• Assignment:
All lines from the opening of the material up to and including the line with "Las designaciones están" should be transcribed exactly, pictures excepted.

####################

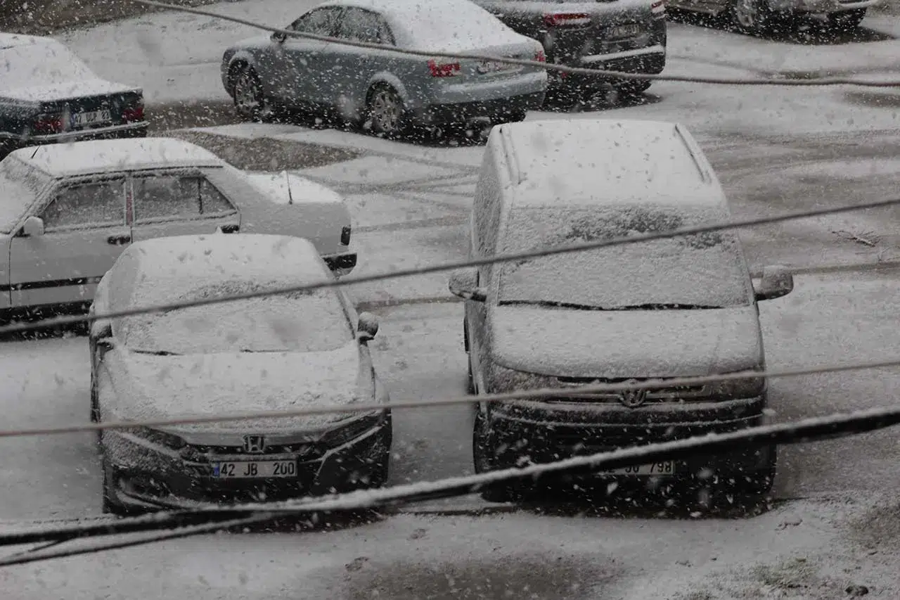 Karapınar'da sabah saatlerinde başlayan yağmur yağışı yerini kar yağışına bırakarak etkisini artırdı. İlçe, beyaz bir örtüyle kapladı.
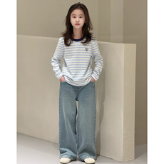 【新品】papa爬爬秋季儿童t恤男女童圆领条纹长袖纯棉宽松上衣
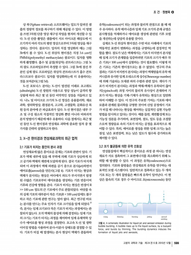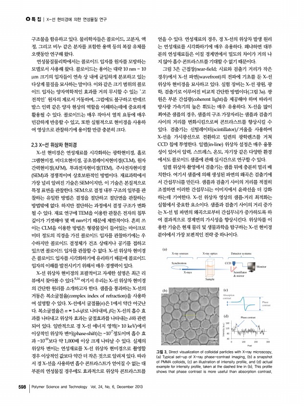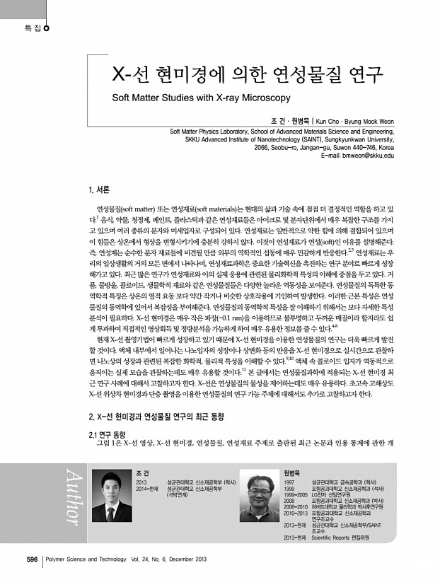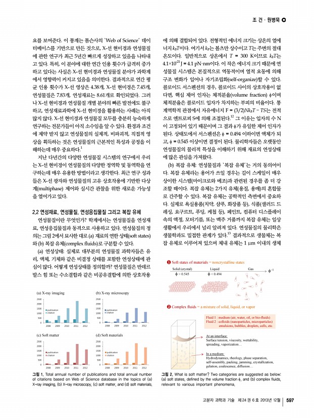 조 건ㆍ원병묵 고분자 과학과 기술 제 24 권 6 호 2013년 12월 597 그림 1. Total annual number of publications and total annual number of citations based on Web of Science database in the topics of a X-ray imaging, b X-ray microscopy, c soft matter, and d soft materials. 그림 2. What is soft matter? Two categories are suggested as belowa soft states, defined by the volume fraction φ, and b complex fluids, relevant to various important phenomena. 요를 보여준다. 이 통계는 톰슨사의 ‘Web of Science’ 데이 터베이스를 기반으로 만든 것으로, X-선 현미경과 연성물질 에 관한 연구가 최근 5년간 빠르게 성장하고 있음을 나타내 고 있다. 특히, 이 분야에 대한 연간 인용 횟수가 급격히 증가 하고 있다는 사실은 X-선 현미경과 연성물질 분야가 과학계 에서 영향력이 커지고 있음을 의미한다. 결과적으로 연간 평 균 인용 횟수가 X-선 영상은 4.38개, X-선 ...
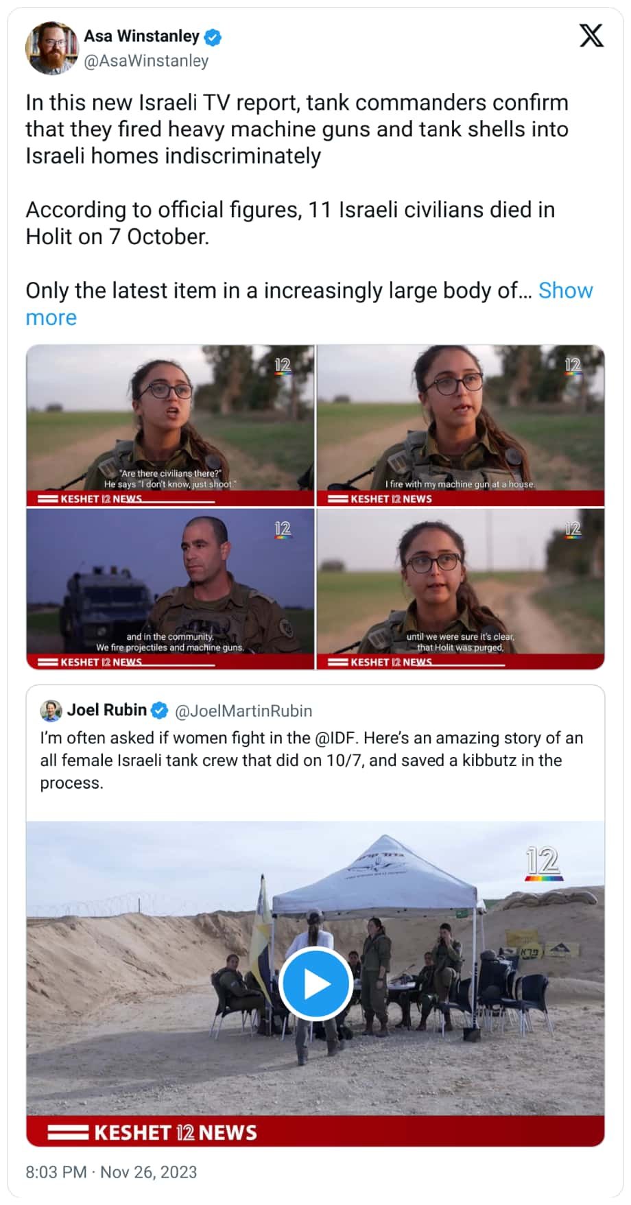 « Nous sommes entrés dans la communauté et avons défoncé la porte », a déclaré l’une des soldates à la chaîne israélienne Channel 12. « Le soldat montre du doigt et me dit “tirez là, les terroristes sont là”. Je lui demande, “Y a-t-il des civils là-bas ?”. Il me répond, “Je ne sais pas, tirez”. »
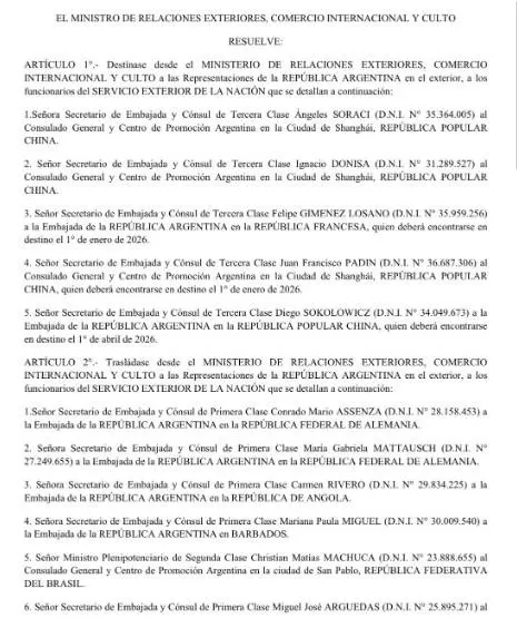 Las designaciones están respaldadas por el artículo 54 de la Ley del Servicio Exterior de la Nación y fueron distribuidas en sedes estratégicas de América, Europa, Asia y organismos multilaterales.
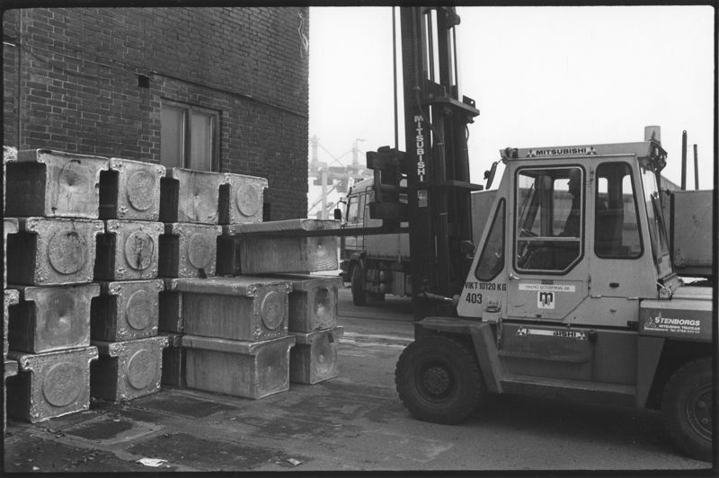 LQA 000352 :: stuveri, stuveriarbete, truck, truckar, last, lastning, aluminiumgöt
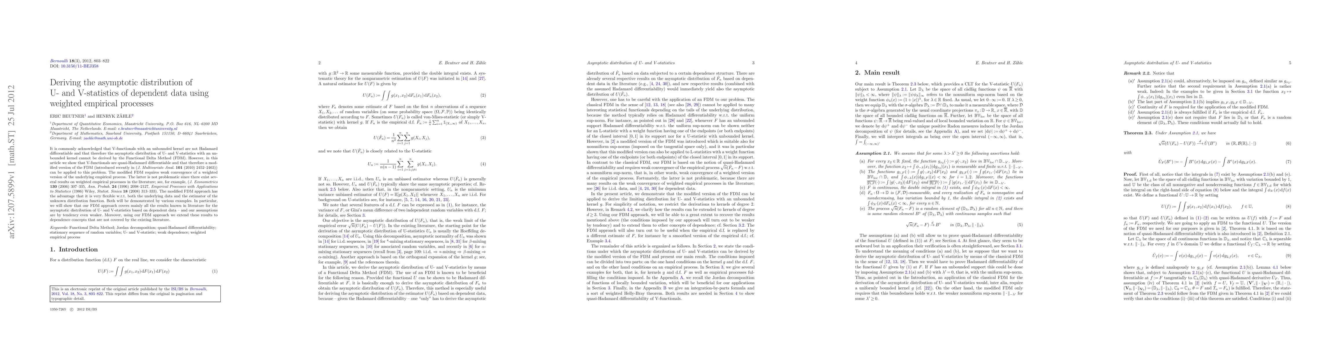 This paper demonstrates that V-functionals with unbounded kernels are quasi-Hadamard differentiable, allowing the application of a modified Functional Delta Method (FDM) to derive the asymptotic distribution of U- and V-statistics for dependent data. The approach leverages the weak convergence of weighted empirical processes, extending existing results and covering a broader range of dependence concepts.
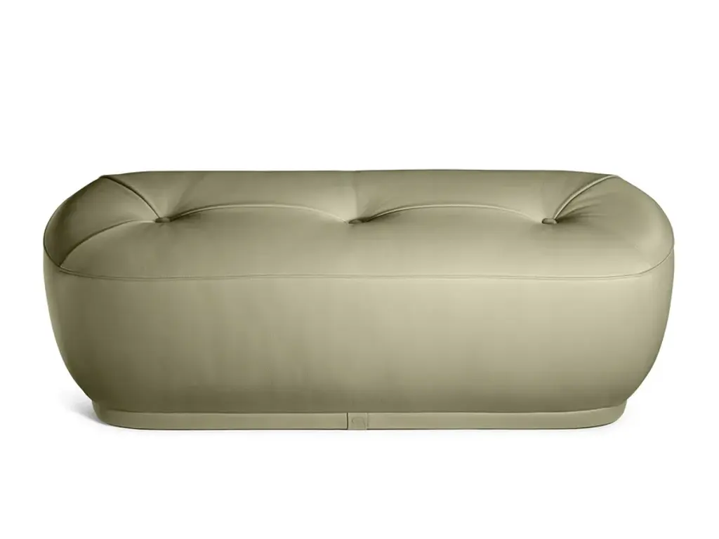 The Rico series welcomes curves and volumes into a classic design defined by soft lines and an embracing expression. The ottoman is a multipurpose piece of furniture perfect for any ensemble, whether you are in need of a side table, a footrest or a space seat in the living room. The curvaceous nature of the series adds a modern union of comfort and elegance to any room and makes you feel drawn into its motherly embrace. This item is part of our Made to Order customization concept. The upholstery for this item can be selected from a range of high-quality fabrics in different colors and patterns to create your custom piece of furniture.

####################

• Solution to the problem:
 Karapınar'da sabah saatlerinde başlayan yağmur yağışı yerini kar yağışına bırakarak etkisini artırdı. İlçe, beyaz bir örtüyle kapladı.
 【新品】papa爬爬秋季儿童t恤男女童圆领条纹长袖纯棉宽松上衣
 조 건ㆍ원병묵 고분자 과학과 기술 제 24 권 6 호 2013년 12월 597 그림 1. Total annual number of publications and total annual number of citations based on Web of Science database in the topics of a X-ray imaging, b X-ray microscopy, c soft matter, and d soft materials. 그림 2. What is soft matter? Two categories are suggested as belowa soft states, defined by the volume fraction φ, and b complex fluids, relevant to various important phenomena. 요를 보여준다. 이 통계는 톰슨사의 ‘Web of Science’ 데이 터베이스를 기반으로 만든 것으로, X-선 현미경과 연성물질 에 관한 연구가 최근 5년간 빠르게 성장하고 있음을 나타내 고 있다. 특히, 이 분야에 대한 연간 인용 횟수가 급격히 증가 하고 있다는 사실은 X-선 현미경과 연성물질 분야가 과학계 에서 영향력이 커지고 있음을 의미한다. 결과적으로 연간 평 균 인용 횟수가 X-선 영상은 4.38개, X-선 ...
 « Nous sommes entrés dans la communauté et avons défoncé la porte », a déclaré l’une des soldates à la chaîne israélienne Channel 12. « Le soldat montre du doigt et me dit “tirez là, les terroristes sont là”. Je lui demande, “Y a-t-il des civils là-bas ?”. Il me répond, “Je ne sais pas, tirez”. »
 Las designaciones están respaldadas por el artículo 54 de la Ley del Servicio Exterior de la Nación y fueron distribuidas en sedes estratégicas de América, Europa, Asia y organismos multilaterales.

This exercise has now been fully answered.